═══ Available data ═══

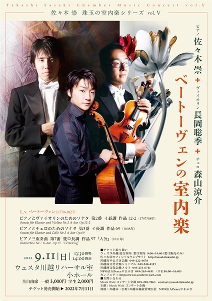Musik Waldコンサート企画主催、ベートーヴェンの室内楽『佐々木崇珠玉の室内楽コンサートvol.5』が2022年9月11日 (日)にウェスタ川越リハーサル室(小ホール) (埼玉県川越市新宿町1-17-17)にて開催されます。
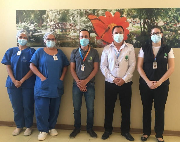 Neste momento, se destacaram: Mayza Soares (enfermeira); Natália Cabral (enfermeira); Edilto Franco (coordenador de Logística); Patrícia Manfredi (coordenadora do Serviço de Nutrição e Dietética); e Dimas Rezende Júnior (Serviço de Nutrição e Dietética).
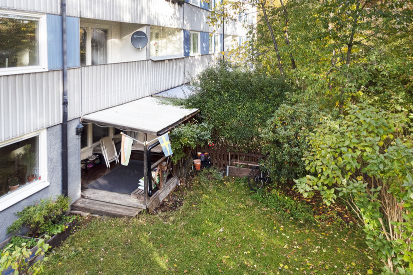 En trappa ner möts du av bostadens sociala delar med separat kök och vardagsrum. Planlösningen ger en tydlig uppdelning mellan sällskapsytor och privata rum, vilket gör hemmet lätt att trivas i för både den större familjen och paret som vill ha gott om plats. Från vardagsrummet når du den fantastiskt mysiga altanen - en grönskande oas som bjuder in till avkoppling och umgänge under sommarhalvåret.
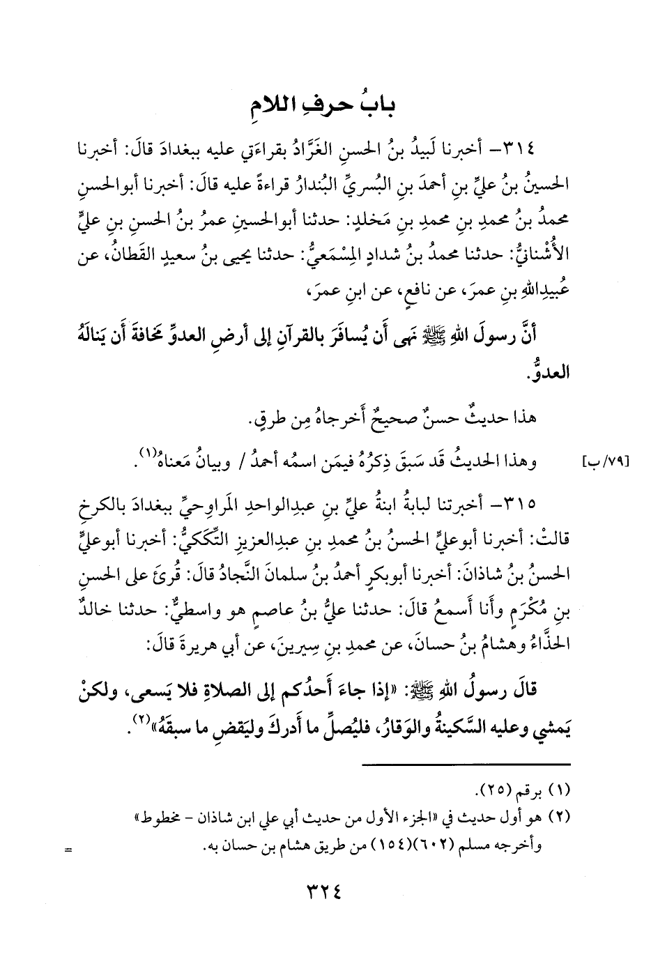 314 - أخبرنا لَبيدُ بنُ الحسنِ الغَرَّادُ بقراءَتي عليه ببغدادَ قالَ: أخبرنا الحسينُ بنُ عليِّ بنِ أحمدَ بنِ البُسريِّ البُندارُ قراءةً عليه قالَ: أخبرنا أبو الحسنِ محمدُ بنُ محمدِ بنِ محمدِ بنِ مَخلدٍ: حدثنا أبو الحسينِ عمرُ بنُ الحسنِ بنِ عليٍّ الأُشْنانيُّ: حدثنا محمدُ بنُ شدادٍ المِسْمَعيُّ: حدثنا يحيى بنُ سعيدٍ القَطانُ، عن عُبيدِ اللهِ بنِ عمرَ، عن نافعٍ، عن ابنِ عمرَ،
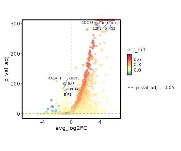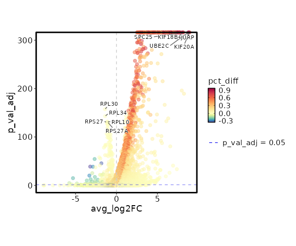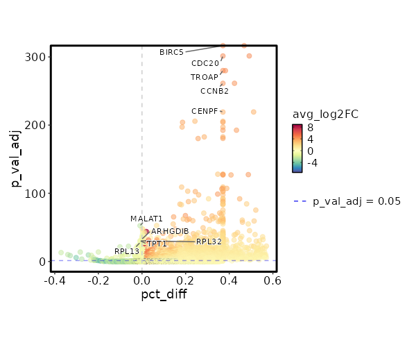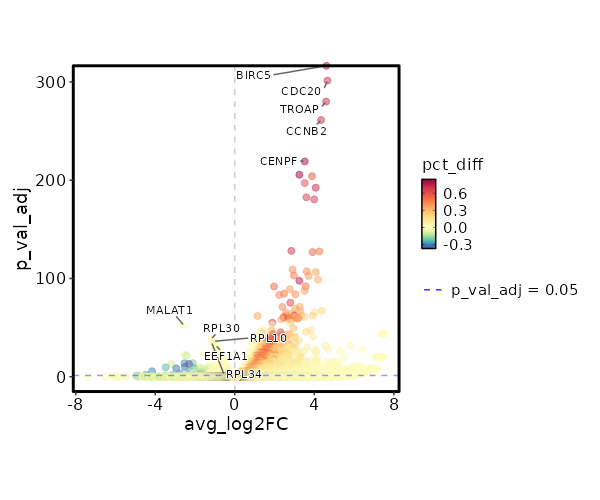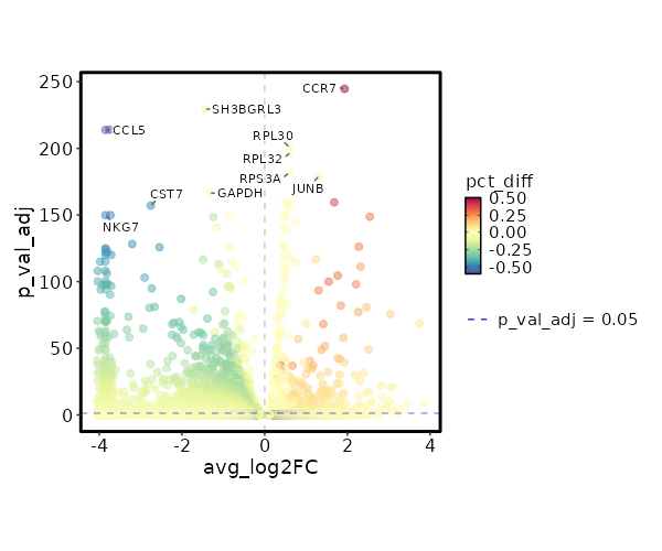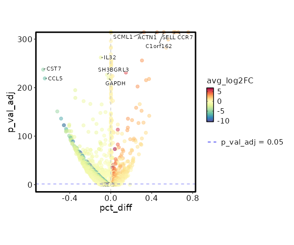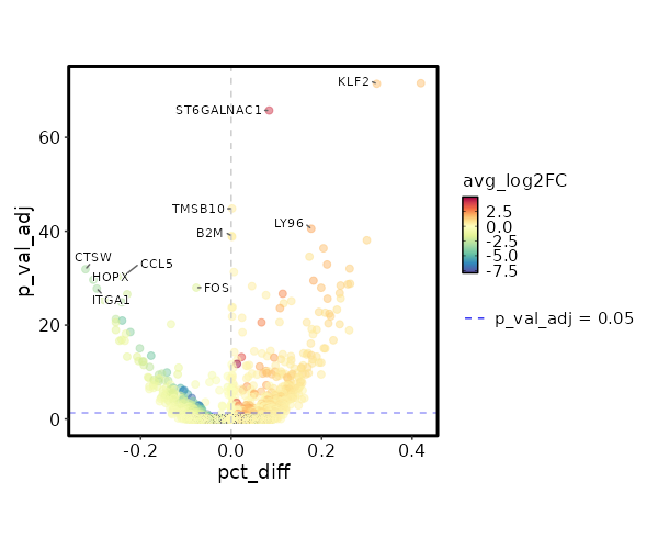 5.673e-250 1.9327 0.7 0.198 1.903e-245 CCR7 c5 3.185e-206 0.5922 1 0.998 1.068e-201 RPL30 c5 4.693e-202 0.6197 1 0.998 1.574e-197 RPL32 c5 9.742e-187 0.5837 1 0.997 3.267e-182 RPS3A c5 2.369e-184 1.309 0.986 0.958 7.945e-180 JUNB c5 4.914e-165 0.5538 1 0.998 1.648e-160 RPS13 c5 8.398e-165 1.6815 0.702 0.297 2.817e-160 TCF7 c5 1.56e-164 0.4801 1 0.998 5.23e-160 RPS3 c5 1.724e-163 0.6412 0.998 0.994 5.782e-159 RPL9 c5 8.994e-160 0.5704 1 0.999 3.016e-155 RPS12 c5 1.703e-155 0.481 1 0.998 5.71e-151 RPL11 c5 3.055e-154 0.4812 1 0.999 1.025e-149 RPS27A c5 6.224e-154 2.5421 0.386 0.095 2.087e-149 LINC00402 c5 1.12e-149 0.7502 1 0.999 3.757e-145 MALAT1 c5 9.71e-146 0.4595 1 0.998 3.257e-141 RPL19 c5 3.309e-144 0.5164 1 0.999 1.11e-139 RPS8 c5 4.588e-133 0.4418 1 0.999 1.539e-128 RPL13 c5 8.682e-132 0.4796 0.999 0.998 2.912e-127 RPS14 c5 1.793e-131 2.2784 0.375 0.099 6.013e-127 C1orf162 c5 8.141e-128 0.5349 0.998 0.994 2.73e-123 RPL21 c5
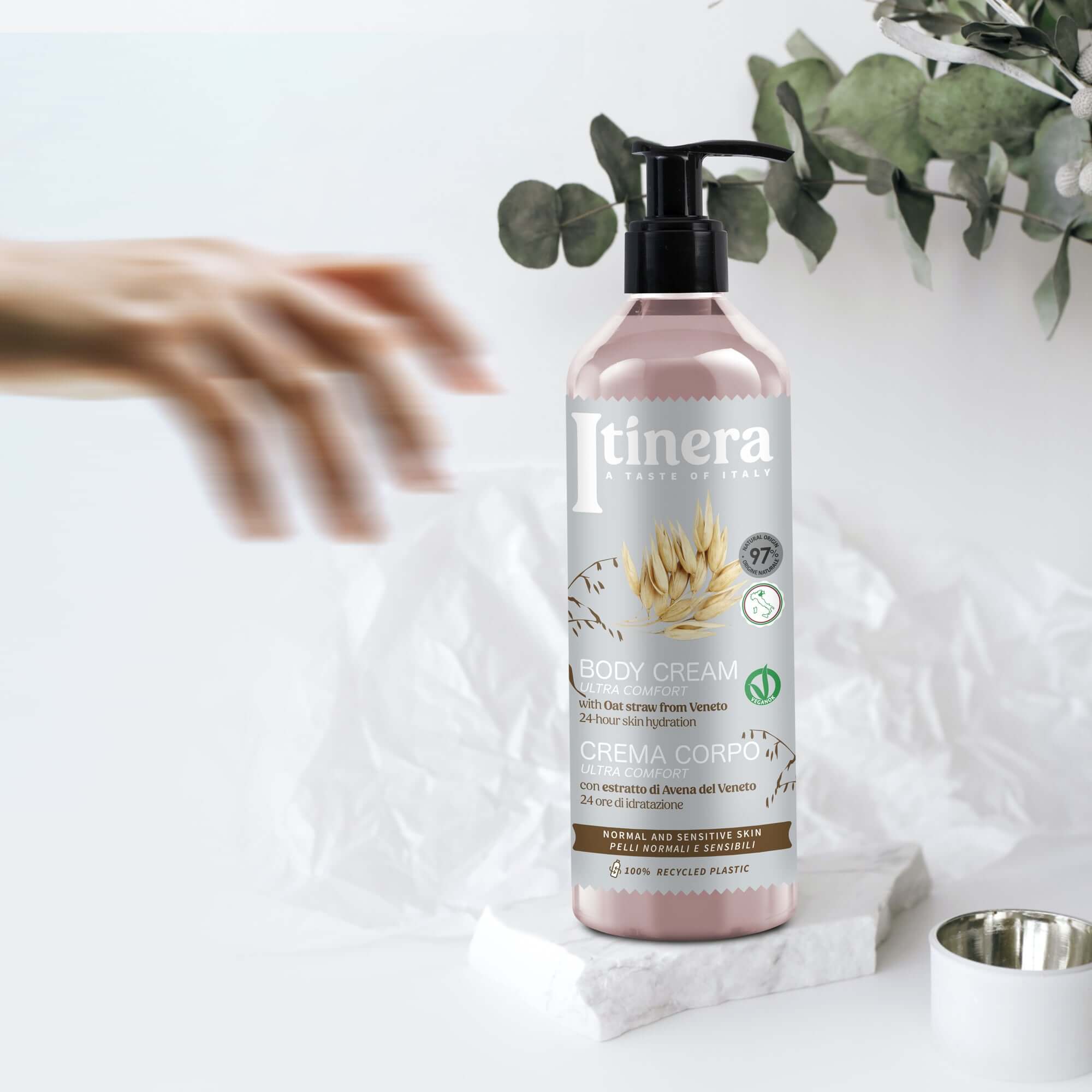 Der Hafer, der für diese Körpercreme verwendet wird, stammt aus Venetien und wird seit Jahrhunderten für seine schützenden und pflegenden Eigenschaften in der Hautpflege genutzt. Heute entfaltet er seine wohltuende Wirkung in der Ultra Komfort Körpercreme.
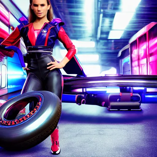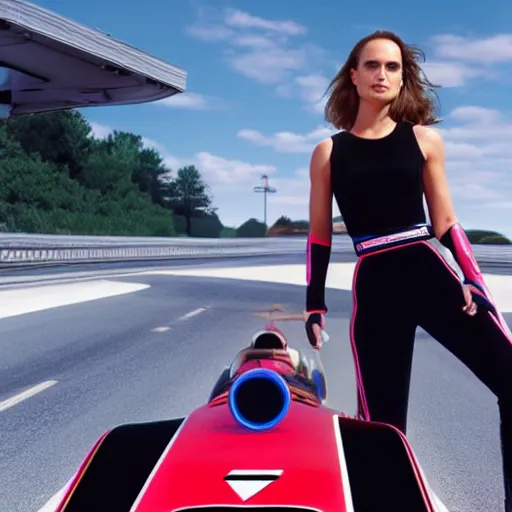 photo of Natalie Portman in video game F-Zero, standing next to a racing machine, fine art photography 8k

═══

* _What to work on_
Copy out all the entries precisely. No images.

* _Exercise output_
Musik Waldコンサート企画主催、ベートーヴェンの室内楽『佐々木崇珠玉の室内楽コンサートvol.5』が2022年9月11日 (日)にウェスタ川越リハーサル室(小ホール) (埼玉県川越市新宿町1-17-17)にて開催されます。
 Neste momento, se destacaram: Mayza Soares (enfermeira); Natália Cabral (enfermeira); Edilto Franco (coordenador de Logística); Patrícia Manfredi (coordenadora do Serviço de Nutrição e Dietética); e Dimas Rezende Júnior (Serviço de Nutrição e Dietética).
 En trappa ner möts du av bostadens sociala delar med separat kök och vardagsrum. Planlösningen ger en tydlig uppdelning mellan sällskapsytor och privata rum, vilket gör hemmet lätt att trivas i för både den större familjen och paret som vill ha gott om plats. Från vardagsrummet når du den fantastiskt mysiga altanen - en grönskande oas som bjuder in till avkoppling och umgänge under sommarhalvåret.
 314 - أخبرنا لَبيدُ بنُ الحسنِ الغَرَّادُ بقراءَتي عليه ببغدادَ قالَ: أخبرنا الحسينُ بنُ عليِّ بنِ أحمدَ بنِ البُسريِّ البُندارُ قراءةً عليه قالَ: أخبرنا أبو الحسنِ محمدُ بنُ محمدِ بنِ محمدِ بنِ مَخلدٍ: حدثنا أبو الحسينِ عمرُ بنُ الحسنِ بنِ عليٍّ الأُشْنانيُّ: حدثنا محمدُ بنُ شدادٍ المِسْمَعيُّ: حدثنا يحيى بنُ سعيدٍ القَطانُ، عن عُبيدِ اللهِ بنِ عمرَ، عن نافعٍ، عن ابنِ عمرَ،
 5.673e-250 1.9327 0.7 0.198 1.903e-245 CCR7 c5 3.185e-206 0.5922 1 0.998 1.068e-201 RPL30 c5 4.693e-202 0.6197 1 0.998 1.574e-197 RPL32 c5 9.742e-187 0.5837 1 0.997 3.267e-182 RPS3A c5 2.369e-184 1.309 0.986 0.958 7.945e-180 JUNB c5 4.914e-165 0.5538 1 0.998 1.648e-160 RPS13 c5 8.398e-165 1.6815 0.702 0.297 2.817e-160 TCF7 c5 1.56e-164 0.4801 1 0.998 5.23e-160 RPS3 c5 1.724e-163 0.6412 0.998 0.994 5.782e-159 RPL9 c5 8.994e-160 0.5704 1 0.999 3.016e-155 RPS12 c5 1.703e-155 0.481 1 0.998 5.71e-151 RPL11 c5 3.055e-154 0.4812 1 0.999 1.025e-149 RPS27A c5 6.224e-154 2.5421 0.386 0.095 2.087e-149 LINC00402 c5 1.12e-149 0.7502 1 0.999 3.757e-145 MALAT1 c5 9.71e-146 0.4595 1 0.998 3.257e-141 RPL19 c5 3.309e-144 0.5164 1 0.999 1.11e-139 RPS8 c5 4.588e-133 0.4418 1 0.999 1.539e-128 RPL13 c5 8.682e-132 0.4796 0.999 0.998 2.912e-127 RPS14 c5 1.793e-131 2.2784 0.375 0.099 6.013e-127 C1orf162 c5 8.141e-128 0.5349 0.998 0.994 2.73e-123 RPL21 c5
 Der Hafer, der für diese Körpercreme verwendet wird, stammt aus Venetien und wird seit Jahrhunderten für seine schützenden und pflegenden Eigenschaften in der Hautpflege genutzt. Heute entfaltet er seine wohltuende Wirkung in der Ultra Komfort Körpercreme.
 photo of Natalie Portman in video game F-Zero, standing next to a racing machine, fine art photography 8k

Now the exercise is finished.